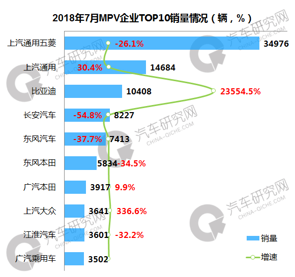 2018年7月MPV企业:比亚迪销量增幅显著 增速超过20000
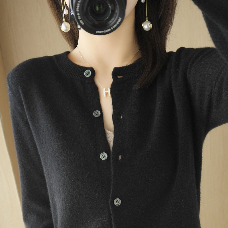 Women's Sweater Cardigan Streetwear Casual Solid Color Crew Neck Knitted Long Sleeve Regular Tops Knit Daily Holiday Going out Black Khaki Fall Winter
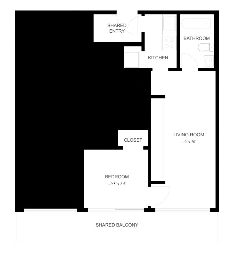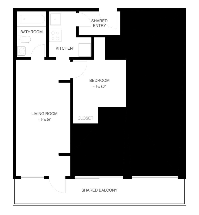 1 Dormitorio, 1 Baño, 400 pies²Disponible January 20, 2026Galería del Modelo
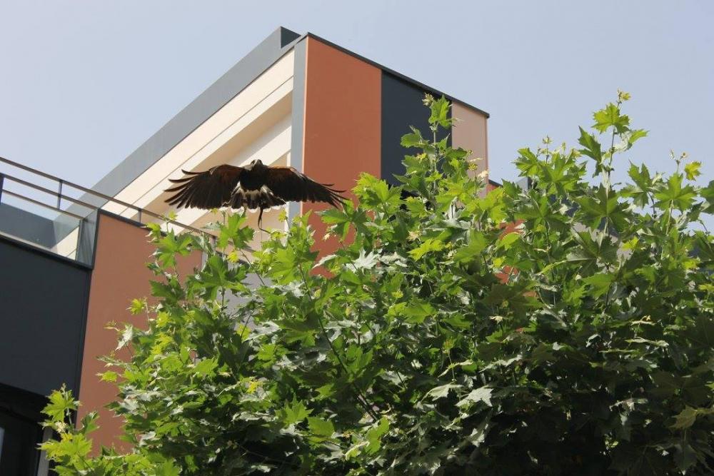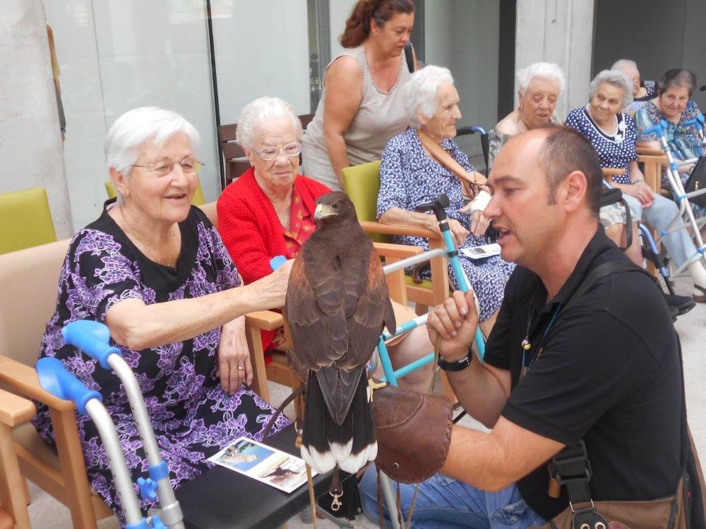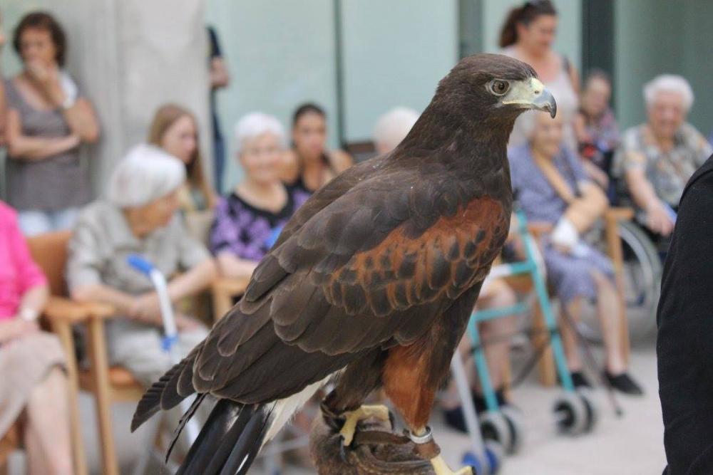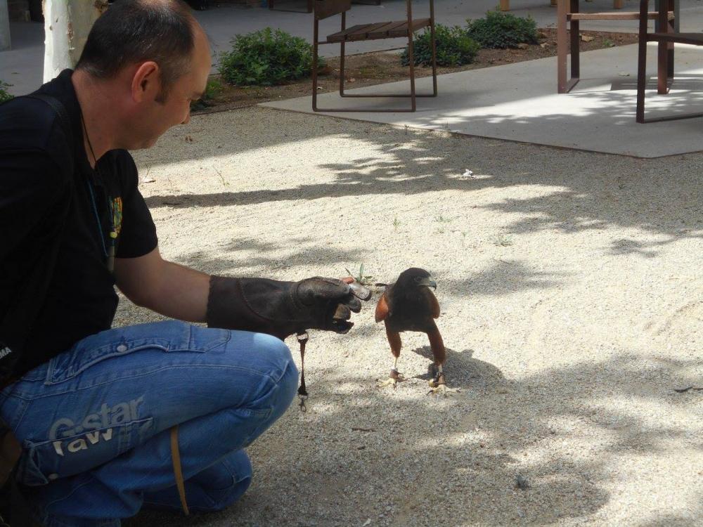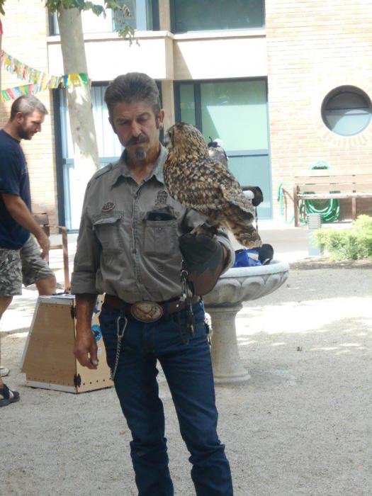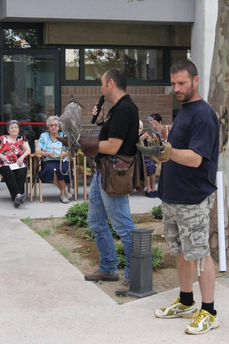 Un falcó, un xoriguer americà, un gran duc (Museo Bengalí) i una àliga que ens han portat membres de la Federació Catalana de Caça i de la Societat "Falconeria del Segle XXI" amb el president del Coto al capdavant.

### Requirement
Starting with the line that holds "1 Dormitorio, 1", transcribe exactly each line through the last one of the material above, and nothing else. Do not include pictures.

### Solution for this task
 1 Dormitorio, 1 Baño, 400 pies²Disponible January 20, 2026Galería del Modelo
 Un falcó, un xoriguer americà, un gran duc (Museo Bengalí) i una àliga que ens han portat membres de la Federació Catalana de Caça i de la Societat "Falconeria del Segle XXI" amb el president del Coto al capdavant.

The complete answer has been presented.